## EXERCISE INSTRUCTIONS:
Output the entries exactly as they appear. Pictures should not be included.
───── EXERCISE DATA ─────
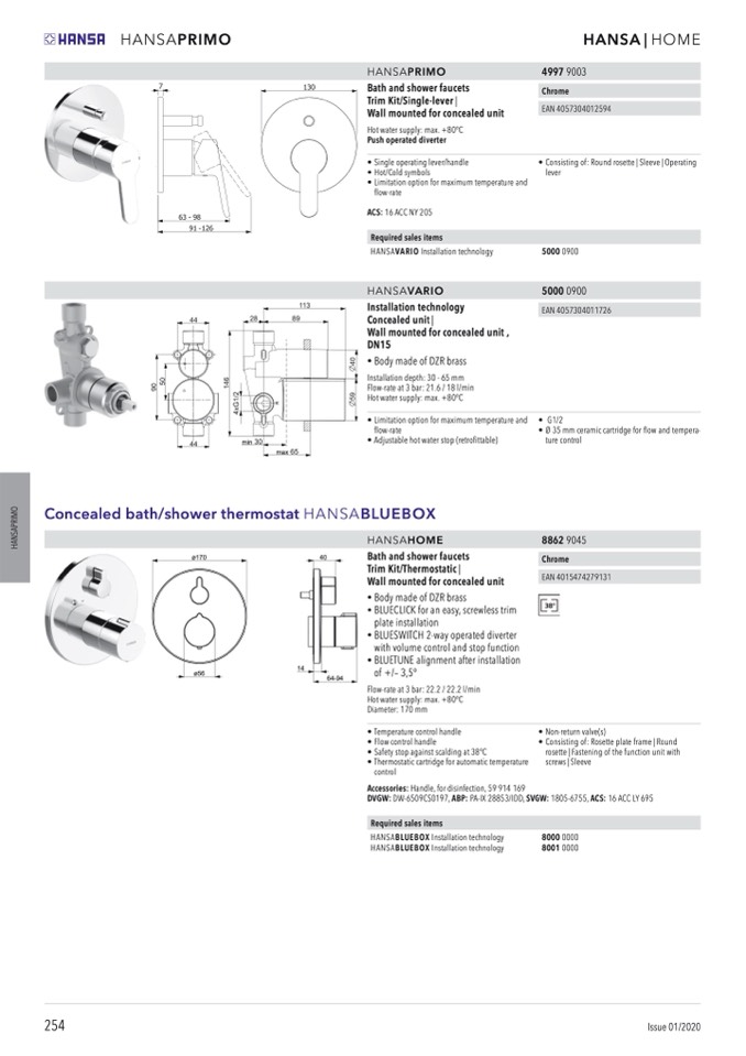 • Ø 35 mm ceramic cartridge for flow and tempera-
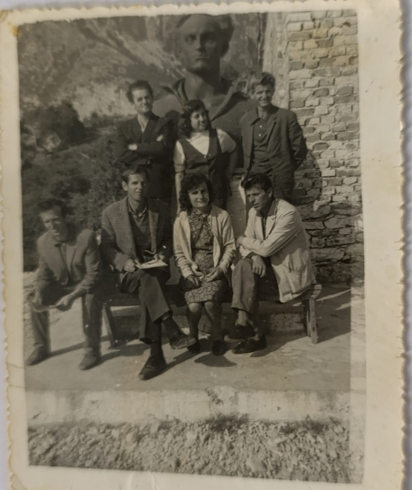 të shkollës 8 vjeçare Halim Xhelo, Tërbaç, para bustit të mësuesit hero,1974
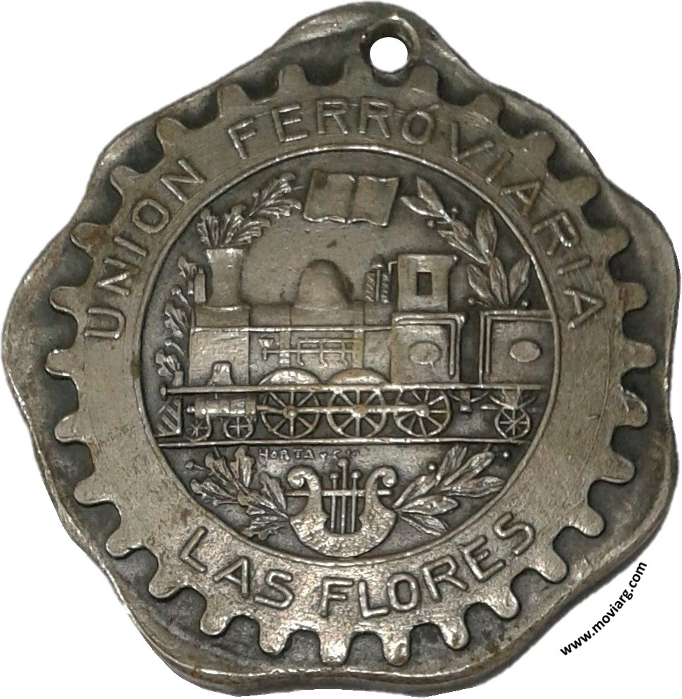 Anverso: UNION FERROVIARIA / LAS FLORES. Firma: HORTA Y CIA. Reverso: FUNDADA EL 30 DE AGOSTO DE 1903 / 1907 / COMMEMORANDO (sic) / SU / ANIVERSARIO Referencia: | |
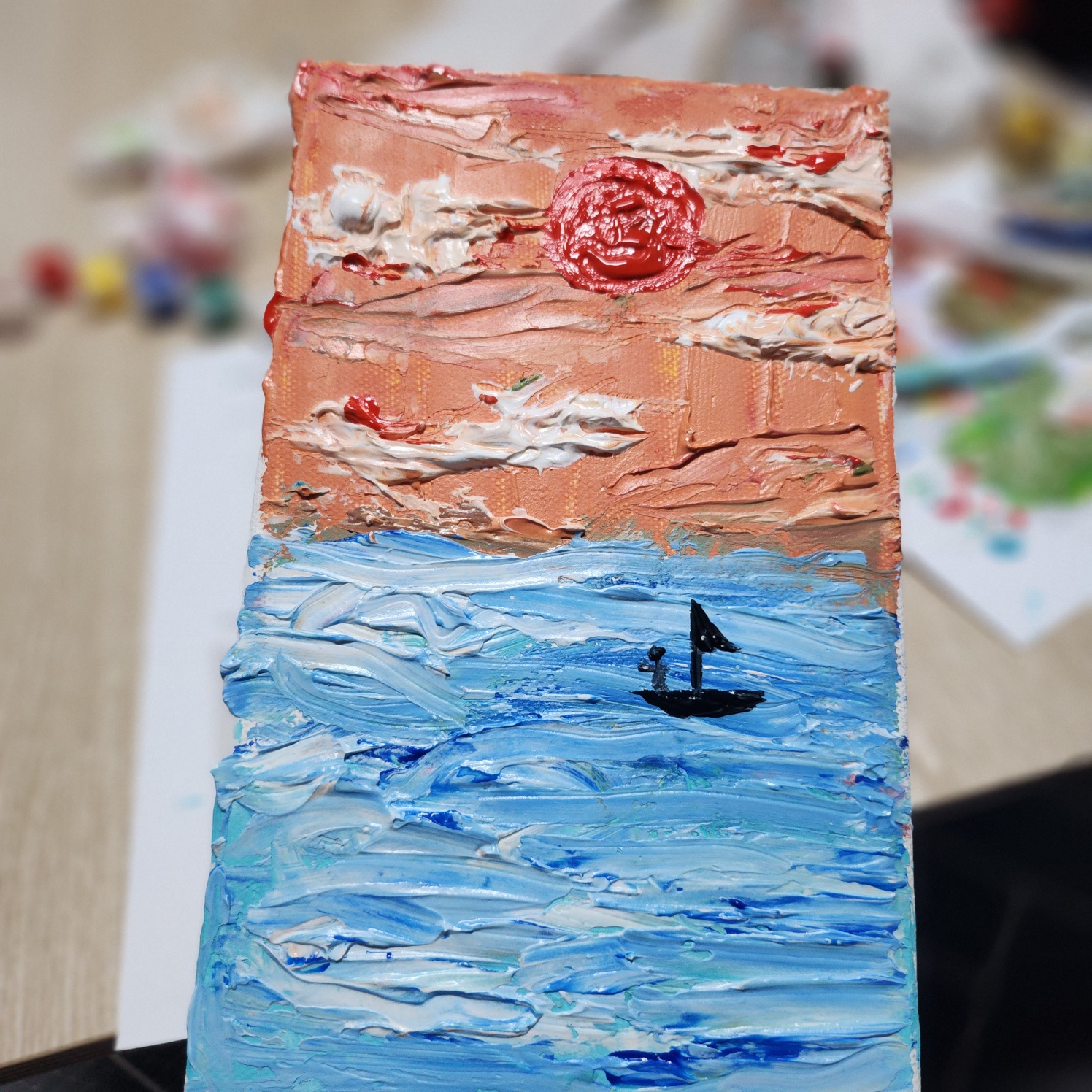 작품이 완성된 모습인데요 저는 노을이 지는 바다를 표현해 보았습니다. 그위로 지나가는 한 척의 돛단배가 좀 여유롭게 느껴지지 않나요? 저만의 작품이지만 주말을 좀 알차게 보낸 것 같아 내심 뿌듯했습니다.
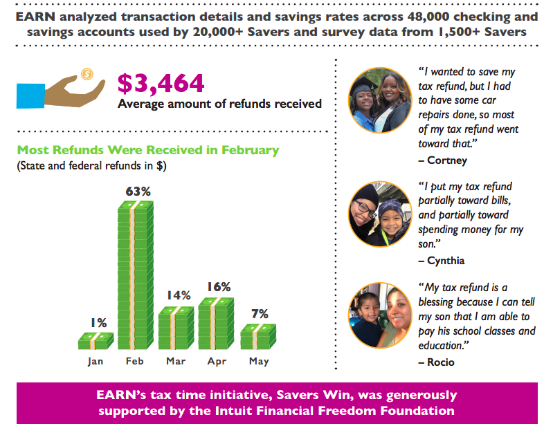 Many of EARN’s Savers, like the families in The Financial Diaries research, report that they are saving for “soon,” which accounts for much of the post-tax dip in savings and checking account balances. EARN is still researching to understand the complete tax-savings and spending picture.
─────
## WRITTEN RESPONSE:
 • Ø 35 mm ceramic cartridge for flow and tempera-
 të shkollës 8 vjeçare Halim Xhelo, Tërbaç, para bustit të mësuesit hero,1974
 Anverso: UNION FERROVIARIA / LAS FLORES. Firma: HORTA Y CIA. Reverso: FUNDADA EL 30 DE AGOSTO DE 1903 / 1907 / COMMEMORANDO (sic) / SU / ANIVERSARIO Referencia: | |
 작품이 완성된 모습인데요 저는 노을이 지는 바다를 표현해 보았습니다. 그위로 지나가는 한 척의 돛단배가 좀 여유롭게 느껴지지 않나요? 저만의 작품이지만 주말을 좀 알차게 보낸 것 같아 내심 뿌듯했습니다.
 Many of EARN’s Savers, like the families in The Financial Diaries research, report that they are saving for “soon,” which accounts for much of the post-tax dip in savings and checking account balances. EARN is still researching to understand the complete tax-savings and spending picture.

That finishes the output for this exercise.